But is the book’s claims accurate? Well, we won’t know until we get there of course, but the authors argue that fertility is falling faster than most experts can readily explain. One can see very large numbers of women in Brazil and China opting for permanent sterilization well before the end of their fertile years. One can see South Korean and Japanese women delay childbirth until their 30s and very many in those countries forego it altogether. While in the USA, the fertility rates among Hispanics has unexpectedly collapsed.
Unfortunately, too many policy analysts and pundits assume that the UNPD’s predictions are the gold standard and it isn’t predicting a population decline anytime soon. However, there are reasons to doubt the accuracy of the UNDP’s predictions, simply because the data it is relying on is inaccurate. According to the book, the UNPD’s fertility estimates are out by 5-10 per cent for today let alone 50 years in the future. The data in China, India and Brazil is out of step with what the UNPD is using to predict the global fertility rates now and into the future. The review of Empty Planet in the Wall Street Journal notes a further example from another one of the most populous countries in the world. The current UNPD population forecasts suggest that the average US total fertility rate from 2015 to 2020 should be 1.9 children per woman. In reality, the US figures show that the average fertility rate in the USA from 2015-18 was 1.8 children and that the early indication for this year suggest that this will decline further.

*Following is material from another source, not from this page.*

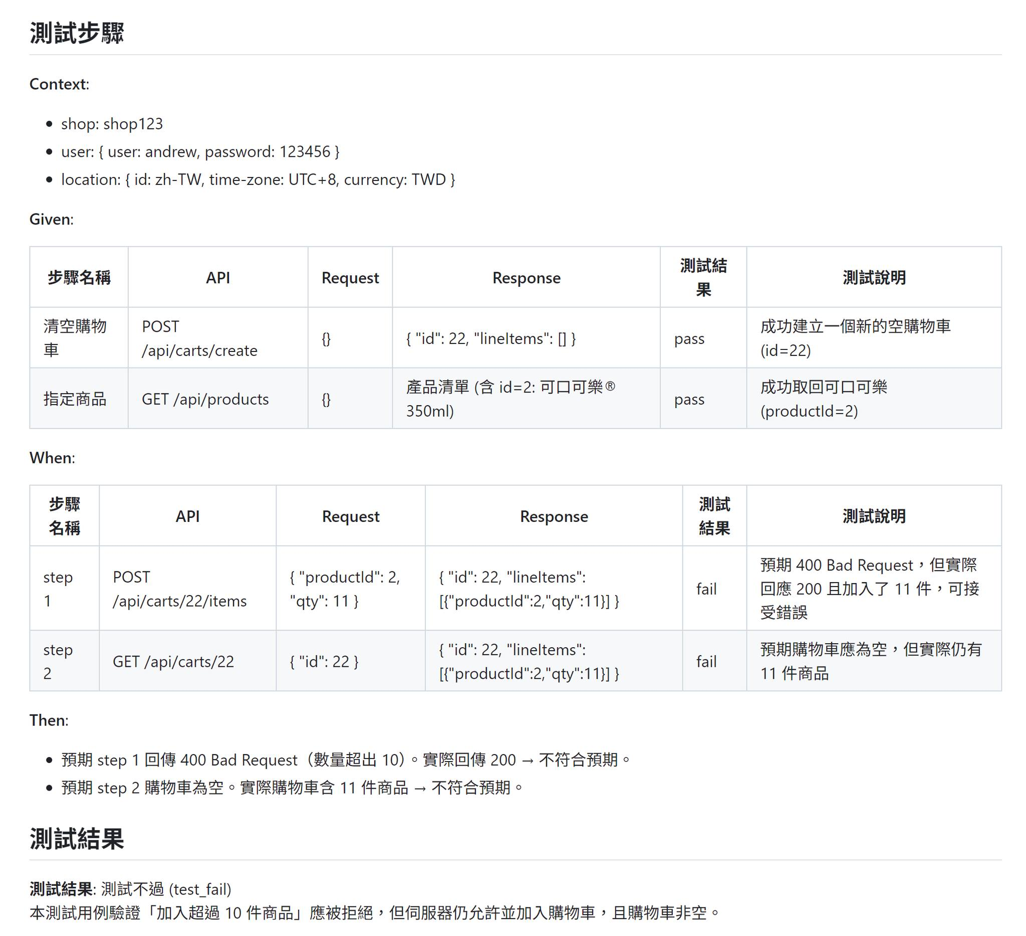 – 以下是 test case 內容 (實際貼給 AI 執行的內容),主要是規格有註明購物車上限是十件商品,而我的 API 實作並沒有包含這限制,而這 test case 就是驗證這邊界有無實作的 scenario .. –

The demographic story of only a few years ago is changing. More and more fearmongering about the population bomb and concerns about overpopulation are dropping from public sight. In their stead are concerns that actually we are heading towards a global demographic precipice. How long it will take for these concerns to enter the public consciousness and to influence public debates about population, migration and fertility rates is yet to be seen.